(Dataset records)
· · · · · · ·

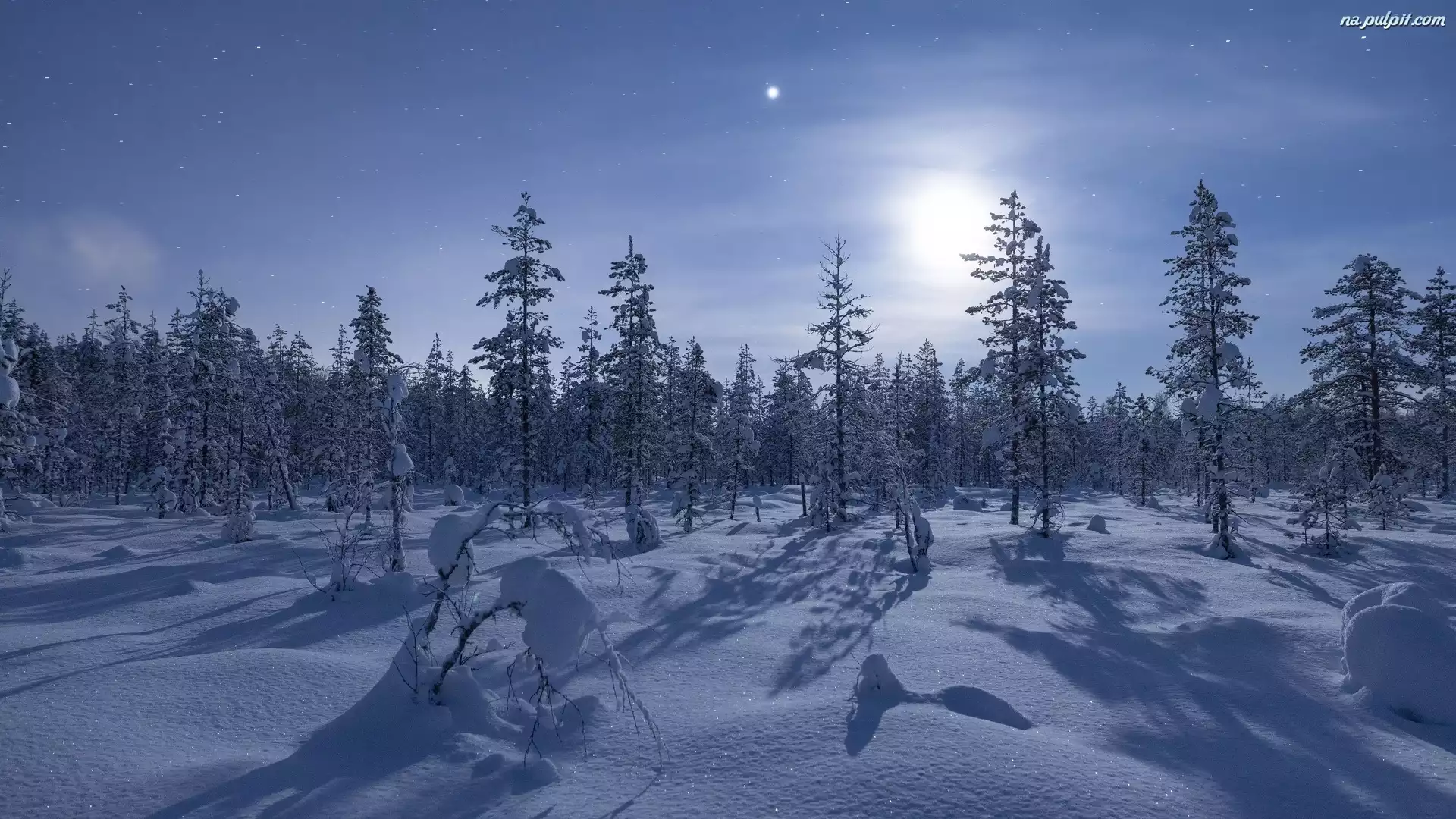 Drzewa, Gwiazdy, Księżyc, Zima, Noc, Las, Śnieg Na Pulpit
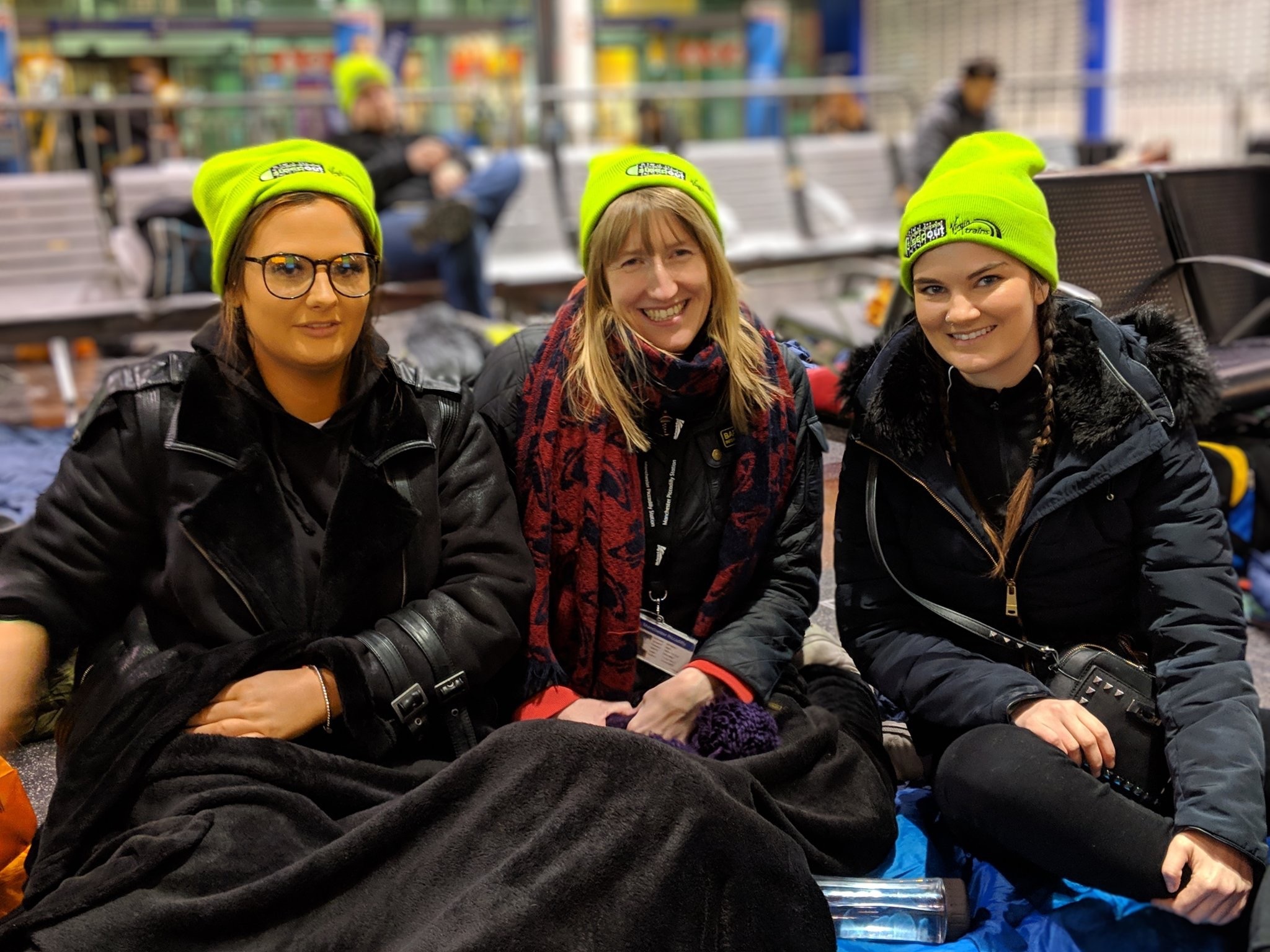 Chloe, Margaret and Beth who took part in the Railway Children sleep out at Manchester Piccadilly.jpg
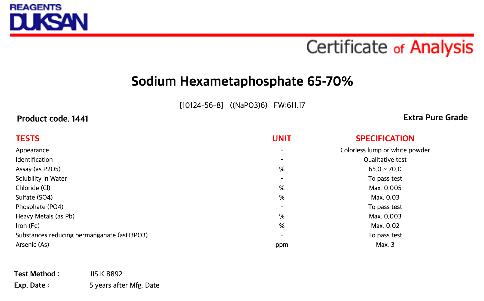 [1441] Sodium Hexametaphosphate, Extra Pure, 1 kg, CAS# 10124-56-8 + 11,400원
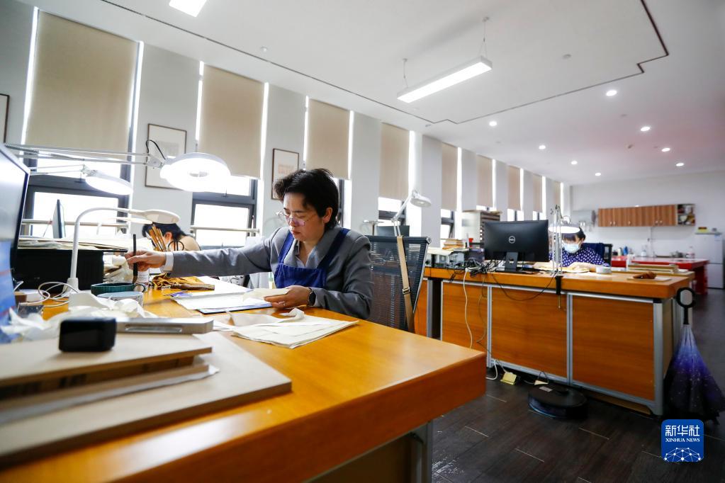 4月14日,在廣西壯族自治區圖書館古籍保護中心的工作室內,黃玉杏正在修復古籍。
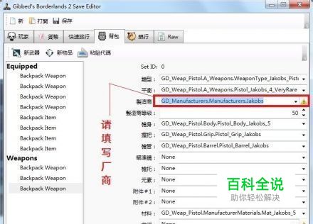 所以,建枪时,记得把厂商代号手工填加进去,这里举一下例子: 如果是你想建造一支JAKBOS (亚各布)公司的枪支,就请依据下图所示红圈位置填上 “ GD_Manufacturers.Manufacturers.Jakobs ” 的字样。以及关键的游戏阶段数也填写上。
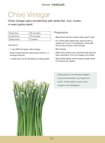 Chive vinegar pairs wonderfully with white fish, rice, risotto, or even pasta salad.
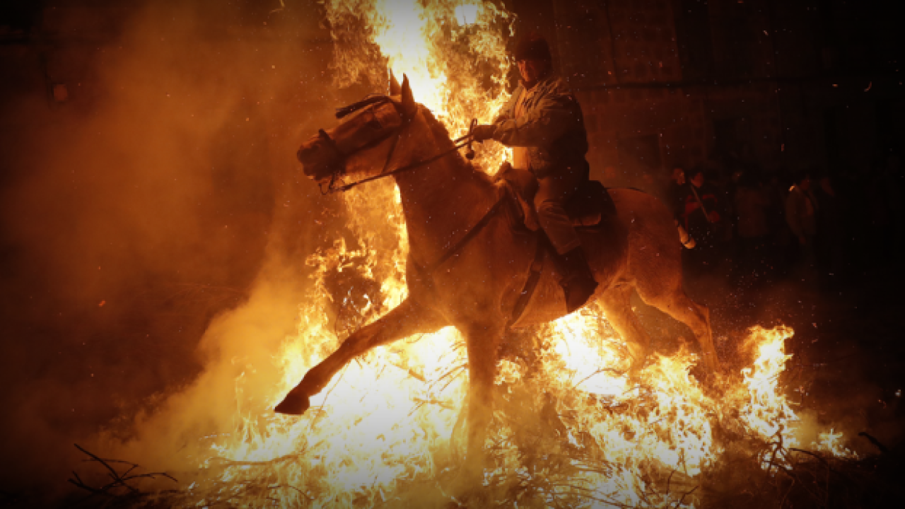 İspanya'nın Avila kentinin San Bartolome de Pinares köyünde atlar "kötü ruhlardan arındırılmak" için ateş üzerinden atlatıldı. Ateşin üzerinden geçirilen atların acı çektiğini savunan hayvan hakları dernekleri ise bu geleneğin kaldırılmasını talep ediyor.
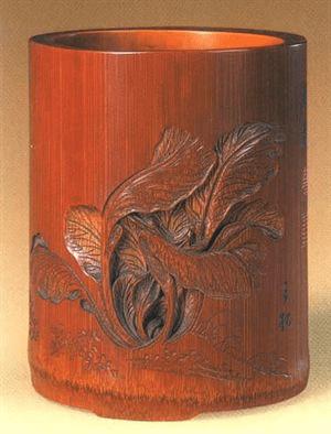 1、明晚期,朱三松,竹雕春菜图笔筒,高13.7厘米,口径10.8厘米,足径10.5厘米,清宫旧藏
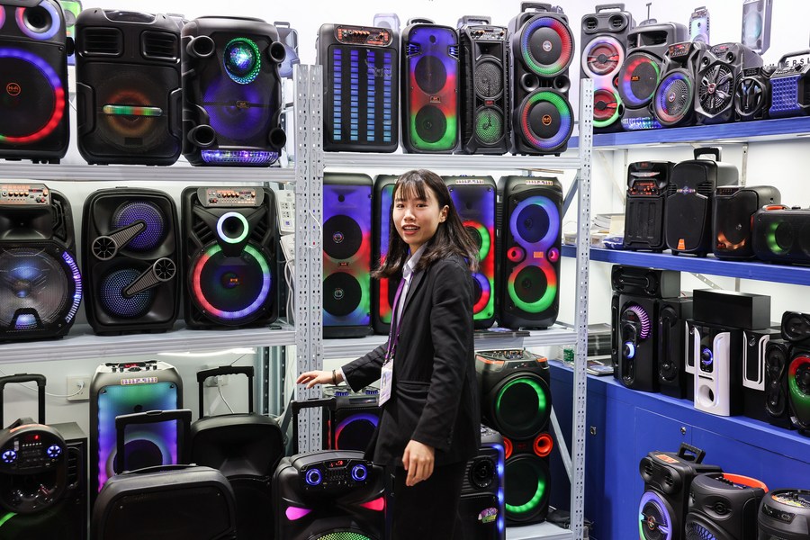 An exhibitor arranges audio products at the Consumer Electronics and Information Products exhibition section of the 133rd session of China Import and Export Fair, also known as Canton Fair, in Guangzhou, south China's Guangdong Province, April 15, 2023. (Xinhua/Liu Dawei)

· · · · · · ·

## WHAT IS NEEDED
If an entry holds a picture, skip the picture and print the rest of the data exactly.

## OUTPUT
 Drzewa, Gwiazdy, Księżyc, Zima, Noc, Las, Śnieg Na Pulpit
 Chloe, Margaret and Beth who took part in the Railway Children sleep out at Manchester Piccadilly.jpg
 [1441] Sodium Hexametaphosphate, Extra Pure, 1 kg, CAS# 10124-56-8 + 11,400원
 4月14日,在廣西壯族自治區圖書館古籍保護中心的工作室內,黃玉杏正在修復古籍。
 所以,建枪时,记得把厂商代号手工填加进去,这里举一下例子: 如果是你想建造一支JAKBOS (亚各布)公司的枪支,就请依据下图所示红圈位置填上 “ GD_Manufacturers.Manufacturers.Jakobs ” 的字样。以及关键的游戏阶段数也填写上。
 Chive vinegar pairs wonderfully with white fish, rice, risotto, or even pasta salad.
 İspanya'nın Avila kentinin San Bartolome de Pinares köyünde atlar "kötü ruhlardan arındırılmak" için ateş üzerinden atlatıldı. Ateşin üzerinden geçirilen atların acı çektiğini savunan hayvan hakları dernekleri ise bu geleneğin kaldırılmasını talep ediyor.
 1、明晚期,朱三松,竹雕春菜图笔筒,高13.7厘米,口径10.8厘米,足径10.5厘米,清宫旧藏
 An exhibitor arranges audio products at the Consumer Electronics and Information Products exhibition section of the 133rd session of China Import and Export Fair, also known as Canton Fair, in Guangzhou, south China's Guangdong Province, April 15, 2023. (Xinhua/Liu Dawei)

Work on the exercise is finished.